I'd had some time alone to work out what she'd said.
Once we were on the trail near her house and moving, she said, "So what's the plan?"
"Go home, pack, wait for Hanlin to tell me when to show up." I was only a little concerned that I hadn't heard from them since they'd hired me.
"Is it weird they haven't contacted you yet?" Sunny asked.
"No," I said resolutely. But it was.
"Have you thought about the other thing?" she persisted.
"No," I said resolutely. Might as well. She'd get the truth out of me.
"Yes you have. Probably nonstop. What are you going to do?"
Go back in time and avoid the Snow Jam. Everything would be so much simpler.
"Nothing," I said.
She stumbled over nothing in the path. "Oh, come on, Mya. Really?"
I sped up a little, hoping to make her too breathless to talk. Apparently she'd been running regularly. I hadn't. She won.
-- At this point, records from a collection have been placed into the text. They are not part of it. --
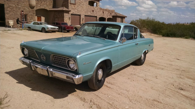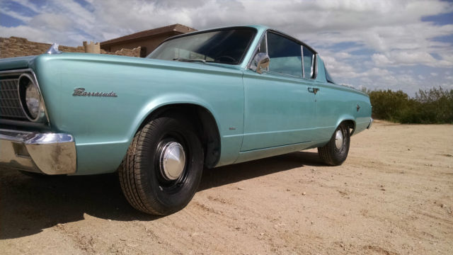1966 Plymouth Barracuda! is a driver I will consider all offers! Arizona car When reviewing photos please not the refection of the clouds in the sky(not oxidation) v8 273 factory A/C car with A/T this car has absolutely no rust! the car has new paint and had zero rust before it was just faded. I had plans to restore this car but to many project forces sale. body is Very straight. runs and drive good. has a smooth idle and starts easy every time. A box title with less the 19000 original miles I believe to be true. does not leak or smoke. interior does need redone as you can see in the photos. tires Are NEW. glass and trim were removed for paint had I have put most of it back on. the windshield does need the locking strip installed as well as the back I just have not got the time. this is a car you could just leave the way it is and drive. a/c does not work as one of the lines has been removed and the controller needs replaced or repaired. it has power steering but original owner removed belt to save fuel ( drives fine without) car has tons of power will smoke them if your not careful!
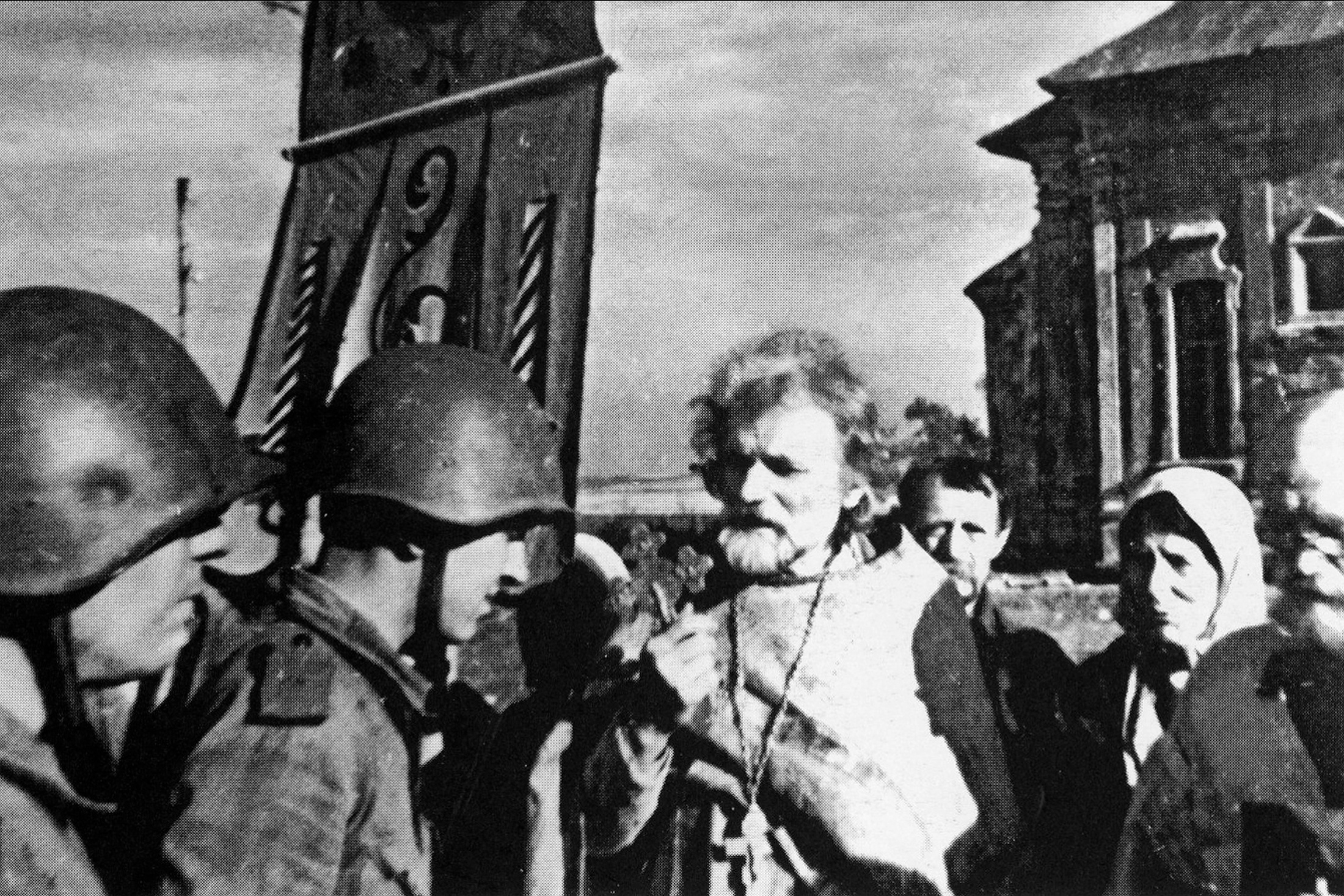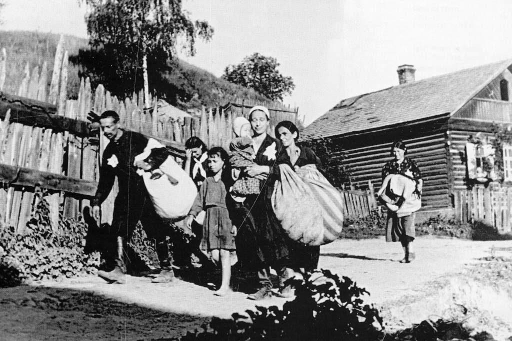 Еврейская семья по дороге в гетто, Беларусь, 1941 год. Всего в Беларуси нацистами за время войны (с 1941 года до освобождения республики в 1944 году) были убиты от 600 до 800 тысяч евреев. В гетто узники были обречены на полуголодное существование. Их заставляли работать без оплаты или выдавали паек в два раза меньше самых низких норм, полагавшихся за принудительный труд.
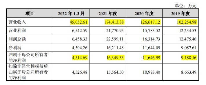 八馬茶業(yè)最新招股書(shū)顯示,2019年至2022年第一季度,公司實(shí)現(xiàn)營(yíng)業(yè)收入分別為10.23億元、12.66億元、17.44億元、4.51億元,歸母凈利潤(rùn)分別為9188.16萬(wàn)元、1.16億元、1.63億元和4514.6萬(wàn)元。
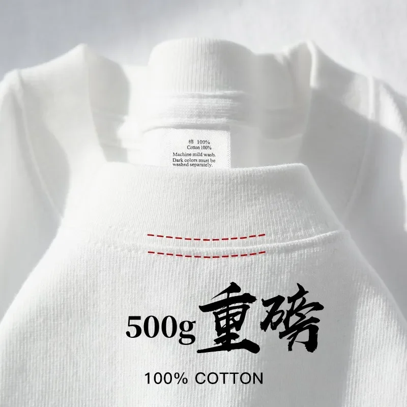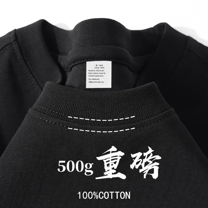 500g Heavy Cotton Solid Color Short-sleeved T-shirt Men's and Women's Same Body Shirt Inner Top Men's Half-sleeved T-shirt
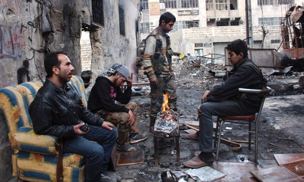 شورشیان مسلح سوریه در منطقه ای در حومه شهر حلب در حال گرم شدن
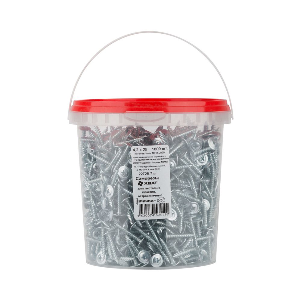 Саморезы для листовых пластин, остроконечные 4,2 х 25 (фасовка Ведро 1000 шт)
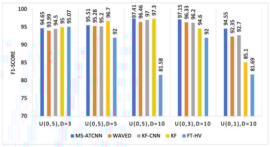(1) Instant: Table 2 presents the detection performance of instant anomaly detection using FT-HV. The first row represents the results of instant anomaly detection when the magnitude is low. In all the next rows, the magnitude of the anomaly increases. There is less danger when the magnitude is low, and there is a higher chance of danger when the magnitude is higher. For a magnitude of “25 × N(0, 0.01)”, the model achieves an accuracy of 99.27, a recall of 99.27, a precision of 99.28, an F1-Score of 99.27, and an AUC of 99.26. The training time (second(s)) is reported as , the prediction time is , and the overall time is . The table shows that as the number of anomalies increases, the accuracy, recall, precision, F1-Score, and AUC of the model decrease slightly. However, the decrease in performance is relatively small, indicating that the model can still accurately predict the labels even when the number of anomalies is high. We can also see that as the number of anomalies increases, the model’s training time and prediction time increase, which is expected as the model processes more data.
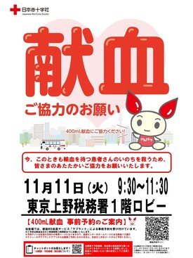 台東区では、台東区役所正面玄関前、生涯学習センター駐輪場 及び 台東保健所で東京都赤十字血液センターによる献血活動を実施しています。

I slowed to a walk.
"It was chance. It was one night. It happened and it's over. He's not my type, maybe – " forestalling the inevitable objection – "Because he's so much like me. I know the woman can call the man in today's world but the way we left it – "
"The way you snuck out?"
I ducked my head, blushing. "Sunny, if he wanted anything to do with me, he would have called."
We finished the run, though not the conversation, and I went home to Vegas to pack.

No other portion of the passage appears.